**Aim of the task:**
Pictures in the entries below are excluded; copy only the lines from the one containing "Canon antichar Hotchkiss 25 mm" to the one containing "Mais de 1.500", both included.
----- Data provided -----
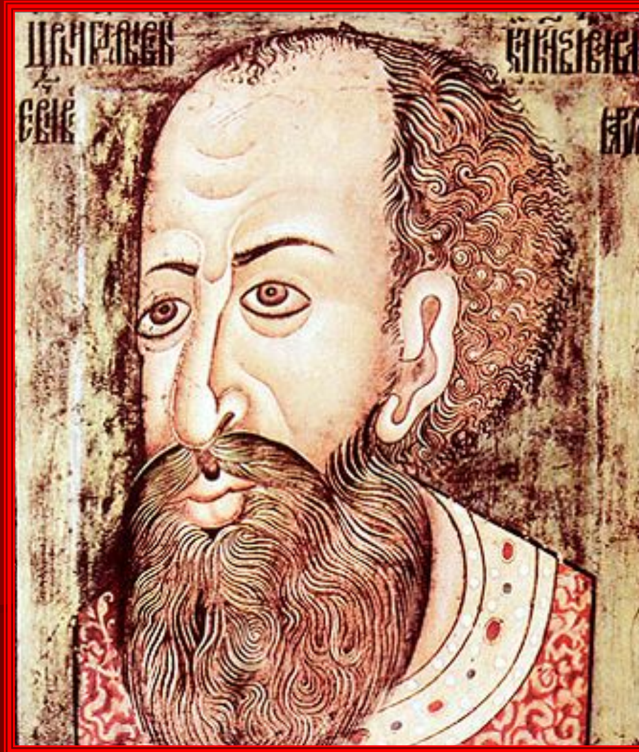
Иван IV. Парсуна. XVI век.
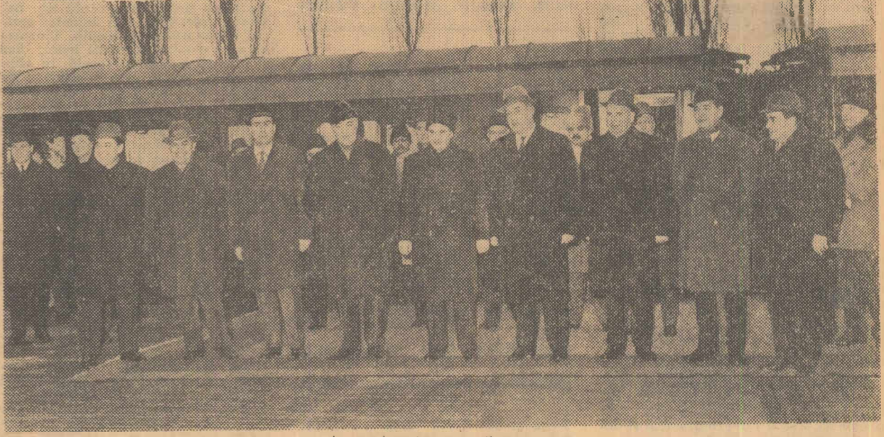
La sosire, în gara Băneasa

Duminică dimineața s-a înnoptat în Capitală, venind de la Moscova, delegația de partid și guvernamentală a Republicii Socialiste România, care, la invitația C.C. al P.C.U.S. și a Consiliului de Miniștri al U.R.S.S., a făcut o vizită oficială de prietenie în Uniunea Sovietică.
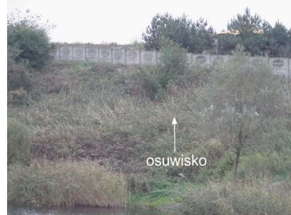
Fot.34 Stok osuwiska w Stęszewie
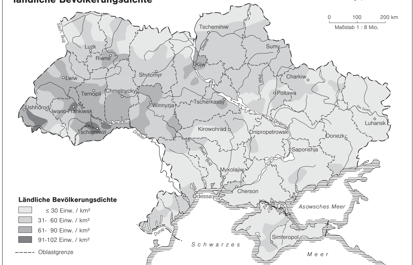
Abb. 2: Verwaltungsgliederung und ländliche Bevölkerungsdichte der Ukraine

IfL 1997 Inhalt: G. Friedlein Kartographie: R. Bräuer
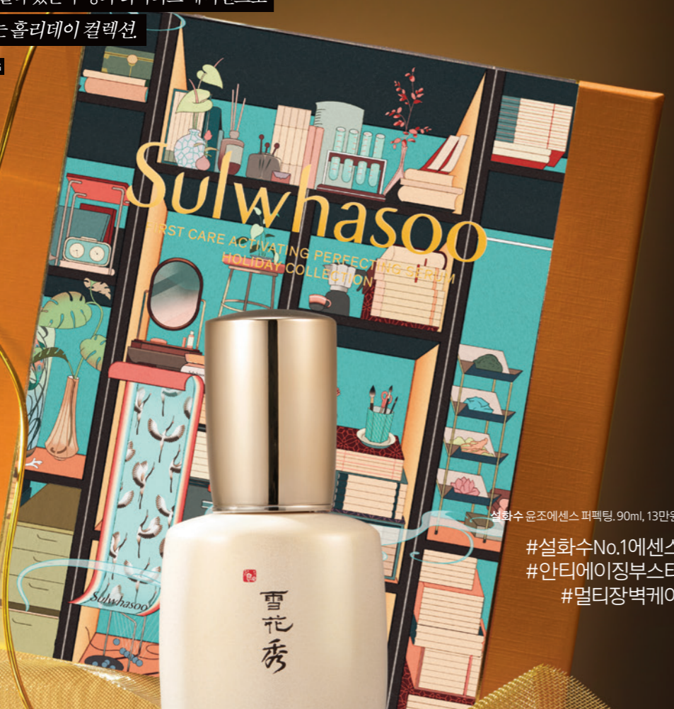
설화수 윤조에센스 퍼펙팅, 90ml, 13만원.

photographer PARK JAE YONG editor LEE MI KYUNG
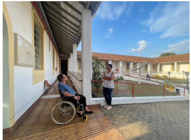
Meta 5 - Figura 02 - Escuta Social - realizada em 22/04/2024
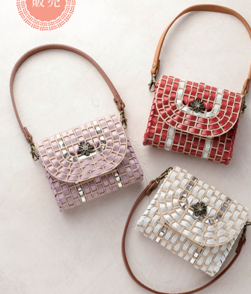
〔仕上がりサイズ〕 約縦8.5×横10×マチ3cm 持ち手の長さ35cm
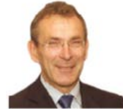
Andris Piebalgs (Litvanya) Kalkınmadan Sorumlu Avrupa Komisyonu Üyesi

Web: http://ec.europa.eu/commission_2010-2014/sefcovic/contact/commissioner/index_en.htm
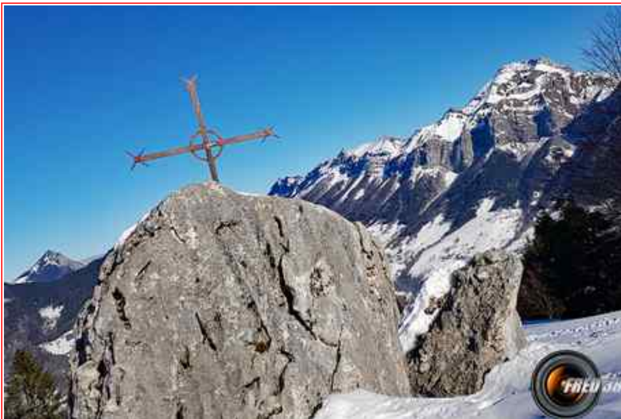
La croix du Plane et en fond l'Arcalod.
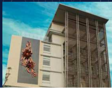
Crystal Lotus Hotel Yogyakarta
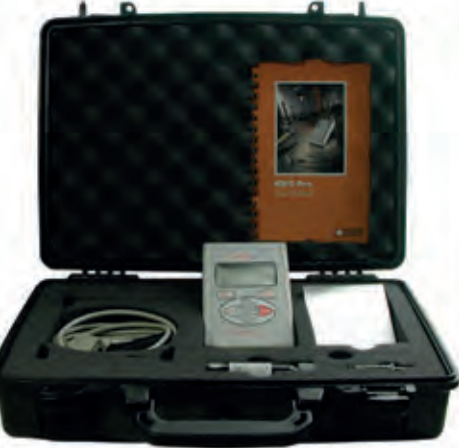
DECAGON KD-2Pro Isıl Özellikler Analizörü Thermal Properties Analyzer
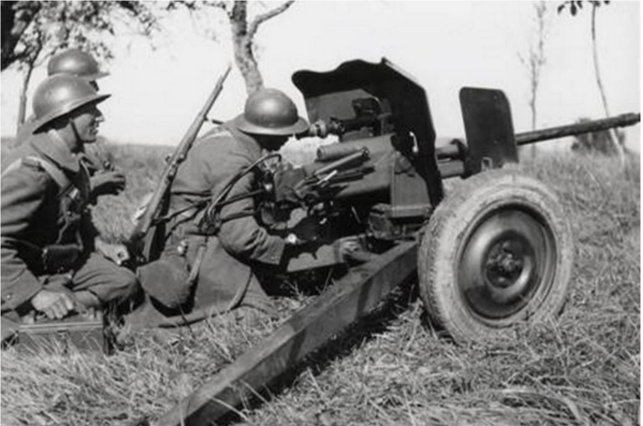
Canon antichar Hotchkiss 25 mm

La compagnie du 2 e BCC se dirige vers Boncourt et va reconnaître Dizy-le-Gros, à l'est du dispositif d'attaque.
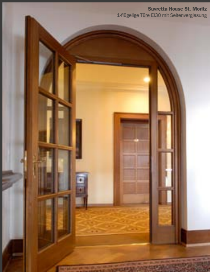
Suvretta House St. Moritz 1-flügelige Türe EI30 mit Seitenverglasung
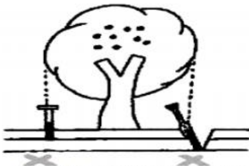
Figura 2. Localización de zona para tomar el muestro de suelo en cítricos. "Food & Fertilizer Technology Center", 5F-14 Wenchow St., Taipei 10616 Taiwan R.O.C.

Posición de la muestra de suelo. Hay que tomarlas directamente debajo del árbol. Dos muestras de suelo por separada deben ser tomadas, una de la capa superficial del suelo y una del subsuelo. (Ver Figura 2).
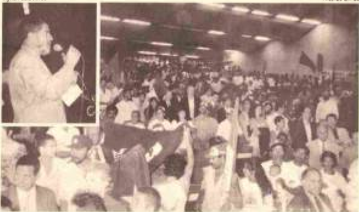
Mais de 1.500 pessoas lotaram o Centro de Convenções, em Brasília, no dia 11 de dezembro, no ato que lançou Lula candidato a presidente da República
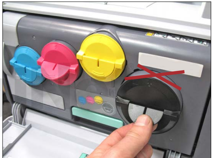
6. Notar la posición del cartucho ya en su módulo de imagen con la flecha hacia arriba. El espacio disponible en el domo es muy estrecho. Es importante no agujerear en cualquier parte de esta línea axial pues al insertar el cartucho se puede despegar el sello y como consecuencia causar eventuales pérdidas de tóner.

NOTA: No agujerear sobre o cerca del borde superior del cartucho donde se encuentra apuntando la flecha.
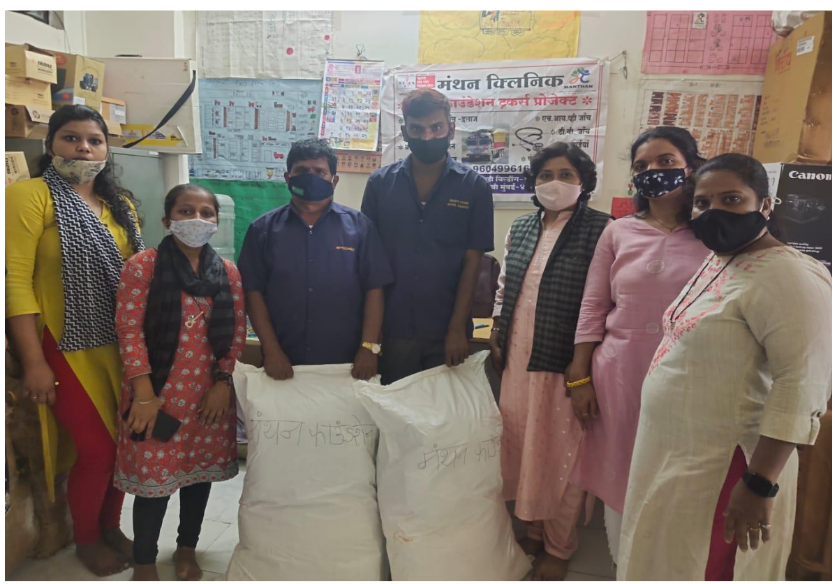
Distributed Nutrition to the female loaded and unloaded allied population at APMC market.
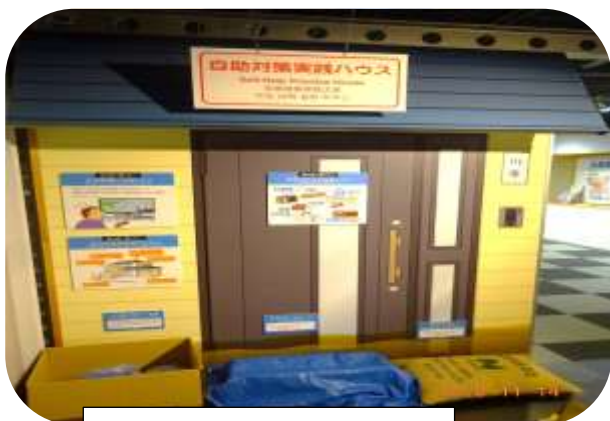
自助対策の実践ハウス
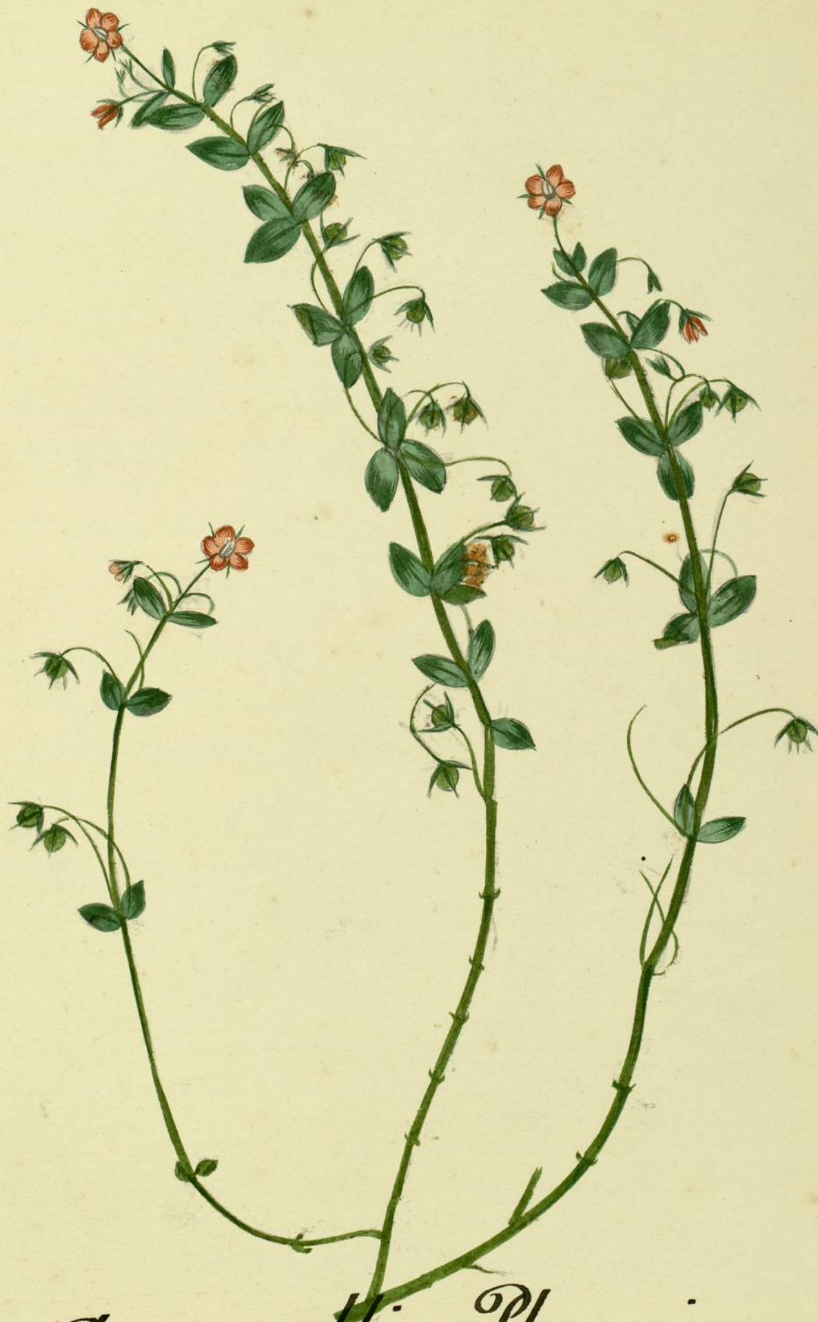
Anagallis Thænicea. (Lamarck.)
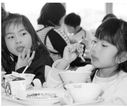
▲ ランチルームでの楽しい給食(新校舎)

旧明和小学校の建設は、昭和37年2月に用地確保、同年8月に着工し、39年3月に完成を見ました。沿革誌によると、39年3月2日「新校舎移転と移転式」とあります。途中、昭和47年11月には「創立100周年記念式典」が挙行されました。地域に支えられ、児童を温かく見守り育ててくれた旧明和小学校校舎の45年間に心から感謝したいと思います。
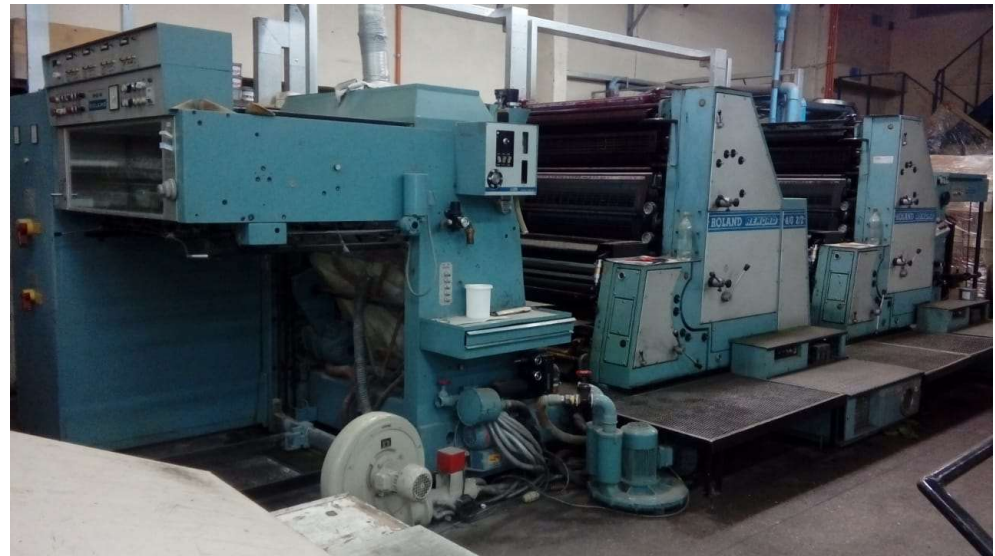
MAQUINA ROLAND REKORD 4/0 2/2 FORMATO 72 X 102 CON RCI Y CALCE DISTANCIA REMOTO

TURBINA DE REPUESTO RODILLOS DE BATERIA DE REPUESTO REPUESTOS VARIOS TIPO RUK 3B SERIE 630 N° 14716 B
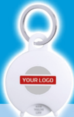
Llavero Moneda Antibac- teriano Portis Precio desde 0.23€
-----
**Result of the exercise:**
Canon antichar Hotchkiss 25 mm

La compagnie du 2 e BCC se dirige vers Boncourt et va reconnaître Dizy-le-Gros, à l'est du dispositif d'attaque.
Suvretta House St. Moritz 1-flügelige Türe EI30 mit Seitenverglasung
Figura 2. Localización de zona para tomar el muestro de suelo en cítricos. "Food & Fertilizer Technology Center", 5F-14 Wenchow St., Taipei 10616 Taiwan R.O.C.

Posición de la muestra de suelo. Hay que tomarlas directamente debajo del árbol. Dos muestras de suelo por separada deben ser tomadas, una de la capa superficial del suelo y una del subsuelo. (Ver Figura 2).
Mais de 1.500 pessoas lotaram o Centro de Convenções, em Brasília, no dia 11 de dezembro, no ato que lançou Lula candidato a presidente da República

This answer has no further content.